5

Here is my iOS OCR code for number recognition through Tesseract engine:

Tesseract* tesseract = [[Tesseract alloc] initWithDataPath:@"tessdata" language:@"eng"];

//set the tesseract variables
[tesseract setVariableValue:@"0123456789" forKey:@"tessedit_char_whitelist"];

NSString * temp = @"7";
[tesseract setVariableValue:temp forKey:@"tessedit_pageseg_mode"];

[tesseract setImage:argImage];
[tesseract recognize];
m_convertedText = [[tesseract recognizedText] copy];

Using above, I get some images recognized right. However sometimes I get 5 instead of 8, 6 instead of 5 and so on. My input images are quite perfect - pure black and white after binarizing.

Are there any other Tesseract options that I am missing to specify?

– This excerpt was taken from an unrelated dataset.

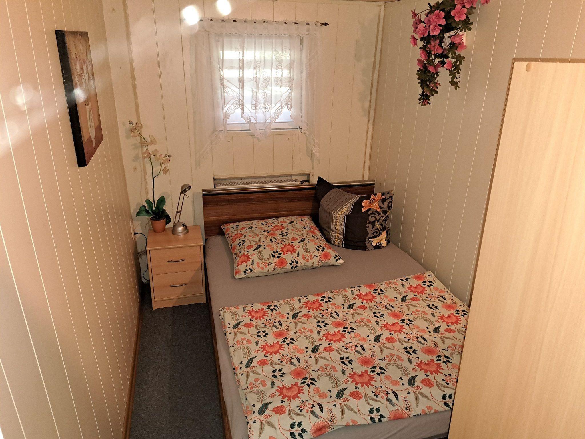 Die gemütlich eingerichtete Ferienwohnung befindet sich mit im Wohnhaus des Eigentümers. Sie verfügt über einen Wohnraum mit Couchecke und Flachbildfernseher, gemeinsam mit dem offenen Küchenbereich mit Essecke und Mini-Küche (Spülbecken, Kühlschrank und 2-Platten-Herd, Kaffeemaschine, Wasserkocher, Toaster, Geschirr, Besteck). Im Schlafzimmer steht ein gemütliches Bett (1,40 x 2,00 m) für eine Person. Das Bad ist mit Dusche und WC ausgestattet. Eine kleine Sitzecke befindet sich direkt am Eingang zur Ferienwohnung, genauso wie der PKW-Stellplatz.

I see there are 600+ options and very sparse documentation.

Best I could find was this website which lists all options but not yet very clear for an OCR beginner.

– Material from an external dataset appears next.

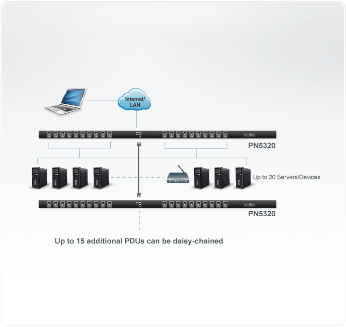 The PN5320 can be daisy-chained to manage even more devices, so your server room management can expand in step with your company's growth. For ease of management, when PDUs are deployed in conjunction with other ALTUSEN products*, administrators can access them all from the same user interface. When a PDU is integrated in a CC (Control Center Over the NET™) management software installation, the power outlet of an IT device can be associated with its KVM port and displayed on the same CC web page. This allows IT administrators to completely control an IT device from a single user interface.

If someone has achieved 100% accuracy with numbers OCR using tesseract it will be really helpful.

Nirav Bhatt
  • 6,940
  • 5
  • 45
  • 89
  • What I found is, result differs between iOS simulator and device. Device being less perfect. Any clues, anyone? – Nirav Bhatt Sep 17 '13 at 16:30
  • You need to go through training process, have you done that? http://www.resolveradiologic.com/blog/2013/01/15/training-tesseract/ – valentt Nov 01 '13 at 21:40

0 Answers0